## Dataset excerpt
........

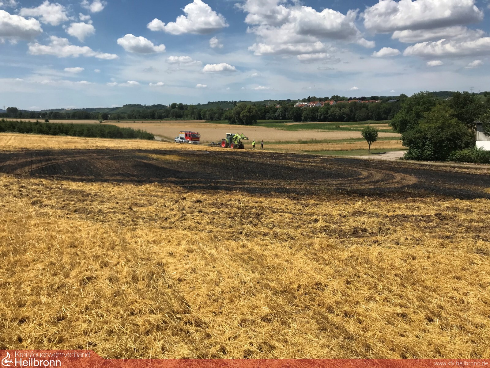 Die Feuerwehr Cleebronn wurde am frühen Nachmittag zu einen Flächenbrand auf einem Stoppelfeld gerufen. Die Ackerfläche liegt direkt am Verbindungsfeldweg zwischen Cleebronn und Güglingen und genau zwischen zwei Aussiedlerhöfen. Aufgrund der Lage im Aussenbereich, sowie der Brandausbreitung auf einigen hundert Quadratmetern Fläche wurde zusätzlich die Feuerwehr Güglingen alarmiert.
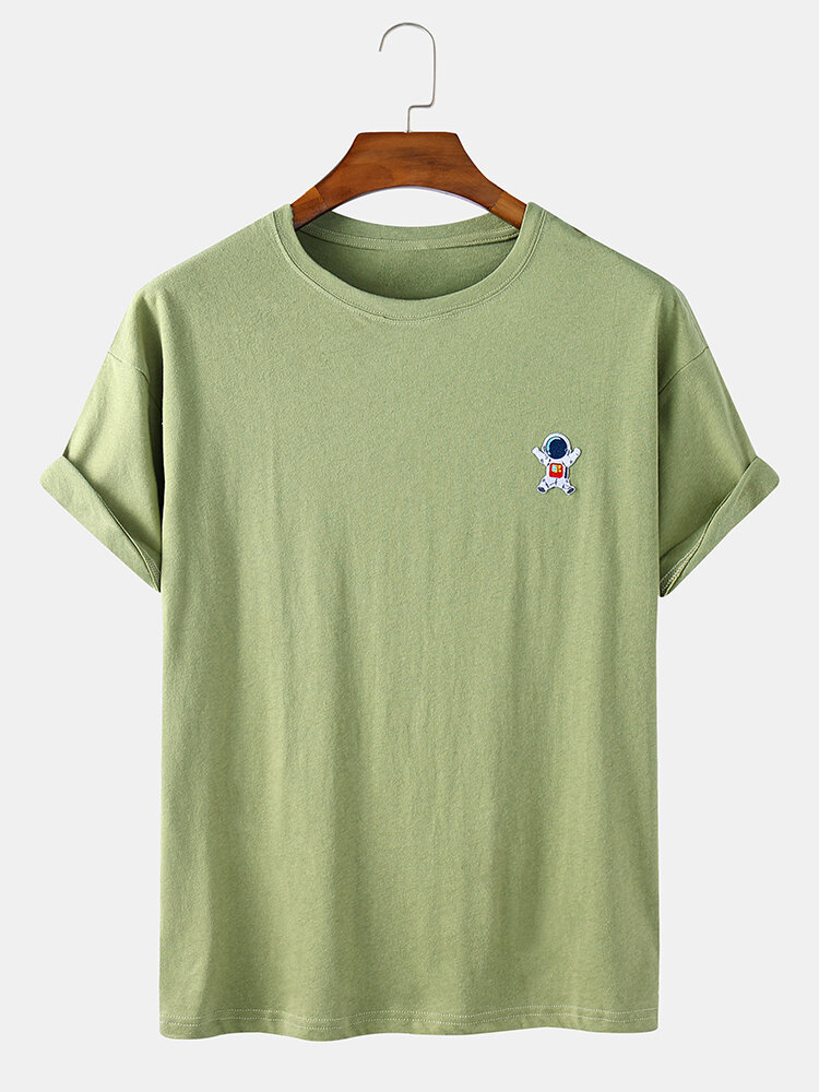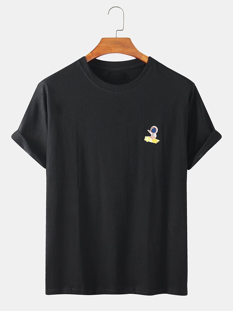 Mens Casual Astronaut Cartoon Solid Color Round Neck T-Shirts – White 2XL
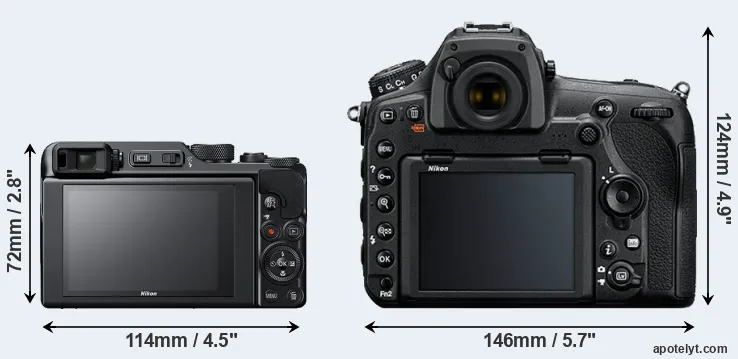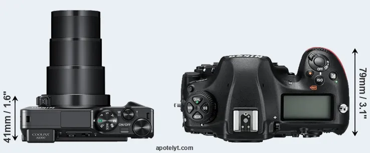 The physical size and weight of the Nikon A1000 and the Nikon D850 are illustrated in the side-by-side display below. The two cameras are presented according to their relative size. Three consecutive perspectives from the front, the top, and the back are available. All width, height and depth dimensions are rounded to the nearest millimeter.
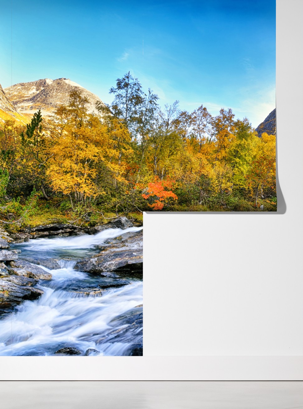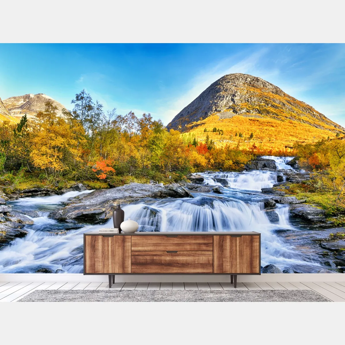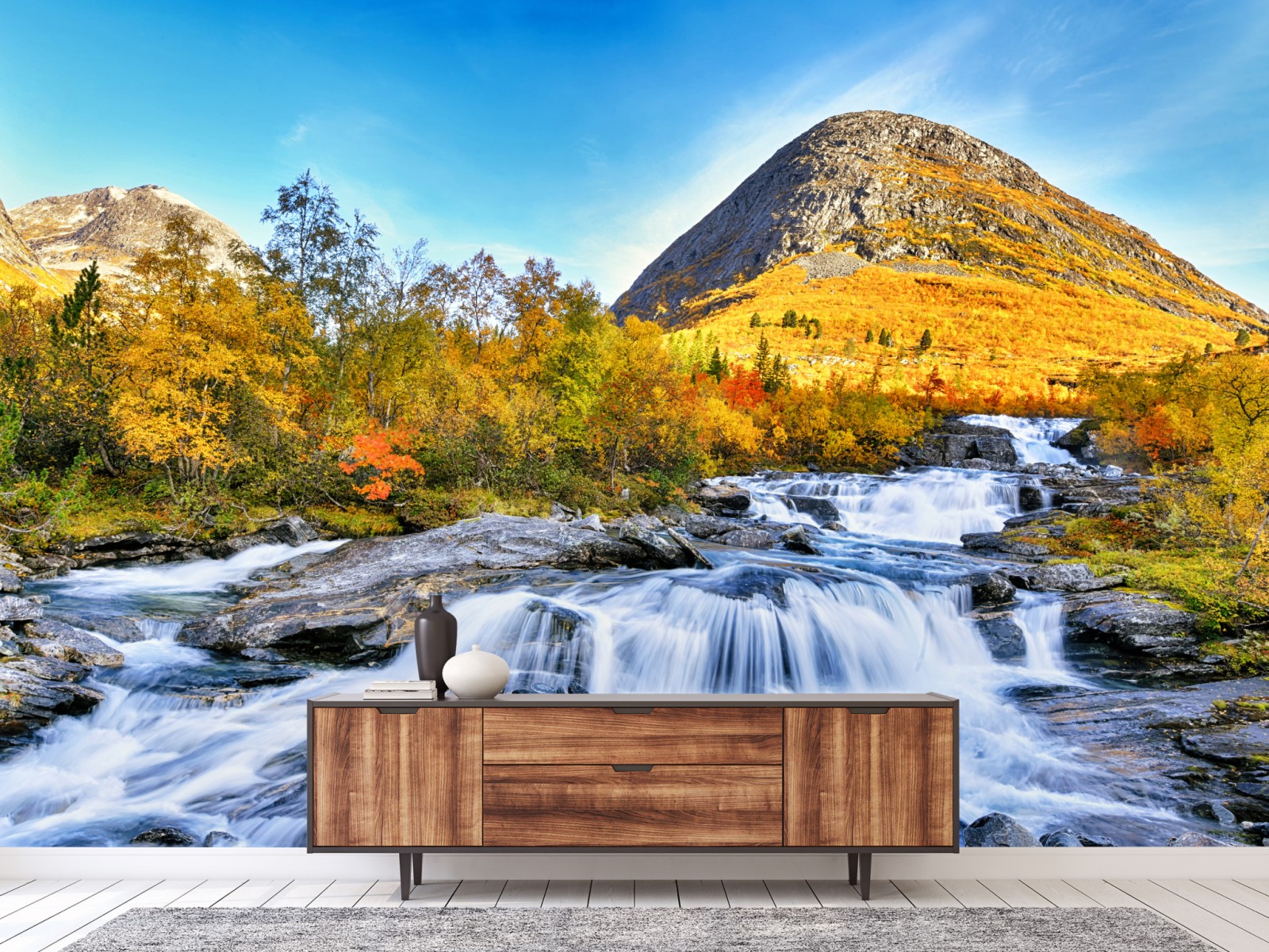 Fototapete goldener herbstwasserfall – Wallnifity®

........

## Action item
Repeat the material exactly. Any picture in it should be dropped.

## Result of this exercise
 Die Feuerwehr Cleebronn wurde am frühen Nachmittag zu einen Flächenbrand auf einem Stoppelfeld gerufen. Die Ackerfläche liegt direkt am Verbindungsfeldweg zwischen Cleebronn und Güglingen und genau zwischen zwei Aussiedlerhöfen. Aufgrund der Lage im Aussenbereich, sowie der Brandausbreitung auf einigen hundert Quadratmetern Fläche wurde zusätzlich die Feuerwehr Güglingen alarmiert.
 Mens Casual Astronaut Cartoon Solid Color Round Neck T-Shirts – White 2XL
 The physical size and weight of the Nikon A1000 and the Nikon D850 are illustrated in the side-by-side display below. The two cameras are presented according to their relative size. Three consecutive perspectives from the front, the top, and the back are available. All width, height and depth dimensions are rounded to the nearest millimeter.
 Fototapete goldener herbstwasserfall – Wallnifity®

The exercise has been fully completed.